Heute ist es illegal, sich auch nur in die Nähe der ehemals dicht besiedelten Industriestadt zu wagen. Die zerfallenen Ruinen—bei denen keine Restauration mehr helfen würde—sind eine Gefahr für jeden, der sich in ihnen bewegt. Die Regierung hat zudem kein großes Interesse daran, Aufmerksamkeit auf diesen Schandfleck der industriellen Nachkriegswirtschaft Japans zu lenken.

Als Strafe für einen Besuch auf der Kriegsschiffinsel blühen einem 30 Tage Gefängnis und eine Ausweisung aus dem Land der aufgehenden Sonne. Nach einem Deal mit einem Fischer landete ich kurz vor Sonnenaufgang mit ein paar Freunden trotzdem auf der verlassenen Insel.

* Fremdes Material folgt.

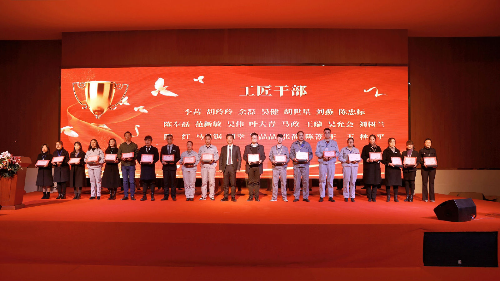 在過去一年,集團各工廠各部門干部員工埋頭苦干,揮灑汗水,為公司穩健發展做出貢獻。會上,公司對2020年評選的工匠干部工匠員工進行頒獎表彰。

Das war gar nicht so einfach. Im Hafen in Nagasaki findet man eher mit alten Menschen beladene Kreuzfahrtschiffe oder mit Öl befüllte Tanklaster, als Fischer mit schiefen Zähnen, die für ein kleines Zubrot das Gesetz brechen würden. Deshalb nahmen wir frühmorgens eine Fähre auf die noch immer bewohnte Insel Takashima, die am nächsten bei Hashima liegt.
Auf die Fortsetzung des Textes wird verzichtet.